Ermittlung des steuerfreien Teils der Rente nach den Verhältnissen des Jahres nach dem Rentenbeginn

Die Höhe des steuerfreien Teils einer Rente aus der Basisversorgung ist nach den Verhältnissen des Jahres zu ermitteln, das dem Jahr des Rentenbeginns folgt.

Dies gilt auch dann, wenn die Rente schon im Jahr ihres Beginns für volle zwölf Monate bezogen wurde.

BFH Urteil vom 17.11.2015 – X R 53/13 BFH/NV 2016, 549

Sachverhalt:

Der Kläger und Revisionskläger (Kläger) bezieht seit Januar 2007 aus der gesetzlichen Rentenversicherung eine Hinterbliebenenrente in Form der großen Witwerrente nach seiner verstorbenen Ehefrau (E). Die entsprechende Altersrente der E hatte bei dieser schon vor 2005 zu laufen begonnen.

Darüber hinaus erzielt der Kläger Einkünfte aus selbständiger Arbeit, aus Kapitalvermögen, aus Vermietung und Verpachtung sowie sonstige Einkünfte aus zwei eigenen Altersrenten. Auf seine Hinterbliebenenrente wurden gemäß § 97 des Sechsten Buchs Sozialgesetzbuch (SGB VI) i.V.m. § 18a des Vierten Buchs Sozialgesetzbuch (SGB IV) die Einkünfte aus selbständiger Arbeit (Erwerbseinkommen) und aus den eigenen Altersrenten (Erwerbsersatzeinkommen) angerechnet. Dies führte zu Kürzungen des Zahlbetrags der Hinterbliebenenrente. Jeweils zum 1. Juli eines Jahres wurden Änderungen des anzurechnenden Einkommens beim Zahlbetrag der Hinterbliebenenrente berücksichtigt (§ 18d SGB IV).

Begründung:

Gemäß § 22 Nr. 1 Satz 3 Buchst. a Doppelbuchst. aa Satz 5 EStG gilt der steuerfreie Teil der Rente ab dem Jahr, das dem Jahr des Rentenbeginns folgt, für die gesamte Laufzeit des Rentenbezugs.

Da die Witwerrente des Klägers im Jahr 2007 zu laufen begonnen hat, wird der steuerfreie Teil der Rente erst im Streitjahr 2008 ermittelt. Auf dieser Grundlage kommt es auf die zwischen den Beteiligten umstrittene Frage, ob es im Jahr 2008 zu solchen Veränderungen in der Rentenhöhe gekommen ist, die eine Neuberechnung des steuerfreien Teils der Rente gebieten, für die Entscheidung des Streitfalls nicht an. Vielmehr ist der steuerfreie Teil der Rente erstmals im Streitjahr –und nach den Verhältnissen des Streitjahrs– zu ermitteln. Dies hat das FA im Ergebnis –wenn auch mit abweichender Begründung– getan.

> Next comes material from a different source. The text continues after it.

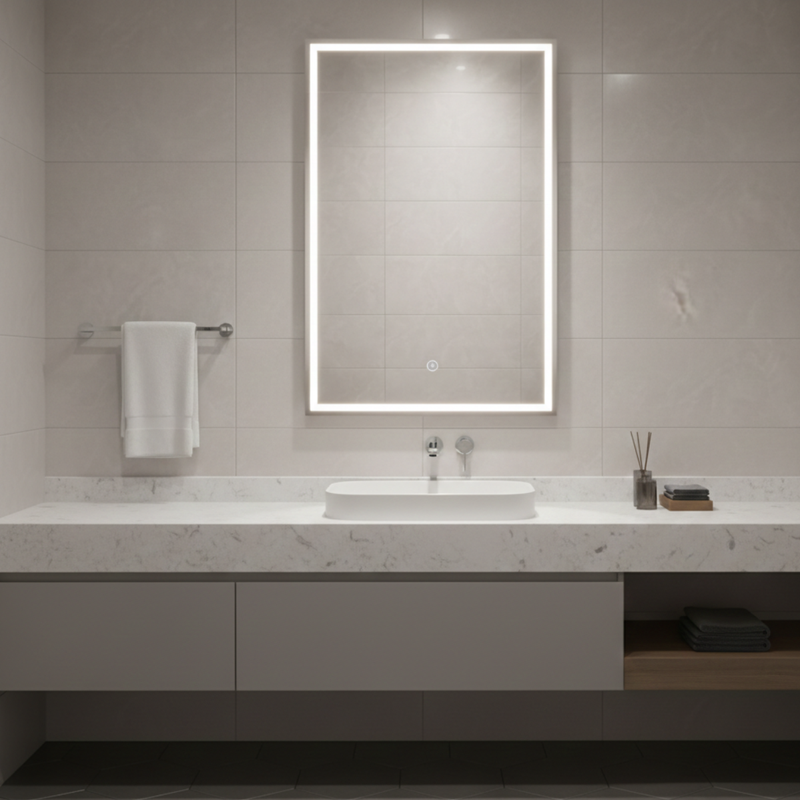 • Éclairage LED intégré en façade, positionné sur la surface du miroir

Es kommt auch dann stets auf die Verhältnisse des zweiten Rentenbezugsjahrs an, wenn bereits das erste Rentenbezugsjahr –wie hier– einen Zeitraum von vollen zwölf Monaten umfasst hat.

Zwar soll das Anknüpfen an die Verhältnisse des Zweitjahrs nach der Begründung des Entwurfs des Alterseinkünftegesetzes vermeiden, dass es bei einem nicht ganzjährigen Bezug der Rente im Erstjahr zu Unterschieden bei der Feststellung des steuerfreien Betrags kommt (Gesetzentwurf vom 9. Dezember 2003, BTDrucks 15/2150, 41; ebenso Killat-Risthaus in Herrmann/Heuer/Raupach, § 22 EStG Rz 287). Diese Gefahr besteht nicht, wenn die Rente bereits im Erstjahr für volle zwölf Monate bezogen wurde.

Allein dieser Umstand rechtfertigt aber –auch zur Vermeidung einer weiteren Verkomplizierung der Rechtslage– nicht die Vornahme einer teleologischen Reduktion gegen den klaren Gesetzeswortlaut. Es kommt daher auch in einem Fall wie dem vorliegenden für den lebenslangen Rentenfreibetrag auf die Verhältnisse (erst) des zweiten Rentenbezugsjahres an.